Euromoney, August 30 2016
When Boon Chye Loh, best-known as the driving force behind Deutsche Bank’s once-formidable global markets business for Asia, took on the top job at the SGX, he faced a challenge.
Singapore’s stock exchange can no longer count on an onslaught of new listings to drive revenues. Almost all the big blue-chips are already listed.
Foreign stocks, most notoriously the so-called S-chips that list mainland Chinese businesses of variable merit in Singapore, have fallen out of favour among local investors.
The Reits market, a Singapore mainstay, is hampered by the fact that almost all the good commercial real estate in Singapore is already securitized.
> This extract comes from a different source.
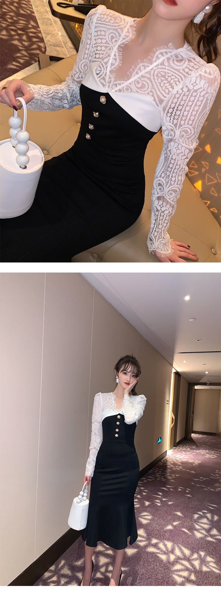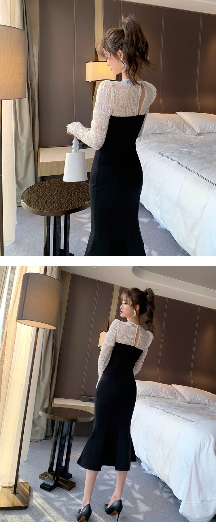 女性韓国のエレガントな新着気質ワークスタイルパッチワークレース透視ドレスヴィンテージスリムトランペットドレス ビンテージ

And a hoped-for generation of entrepreneur-driven local companies has largely failed to materialize – and where it has arrived, such as in tech, those entrepreneurs tend to find Nasdaq just as appealing a prospect as the SGX.
In fact, if anything, the trend is not towards new listings but delisting of existing ones.
On top of that, the natural answer to that quandary – buy foreign stock exchanges and consolidate – has been proven to be prohibitively difficult, by the SGX itself. In late 2010, the then-CEO Magnus Bocker, a veteran of no less than nine international exchange combinations at the time, launched a bid for the Australian Stock Exchange. People warned that, no matter how good the synergies might look, Australian protectionism would nix the deal, and so it proved: Bocker’s vision of regional consolidation was much more difficult to realize in Asia than in Europe, or even across the Atlantic.
So what to do? The SGX’s bid for Baltic Exchange, a deal whose terms were formally agreed on August 22, gives us an answer – and it’s a not dissimilar answer to one reached by the rival Hong Kong stock exchange. If you can’t grow through stocks, try another asset class.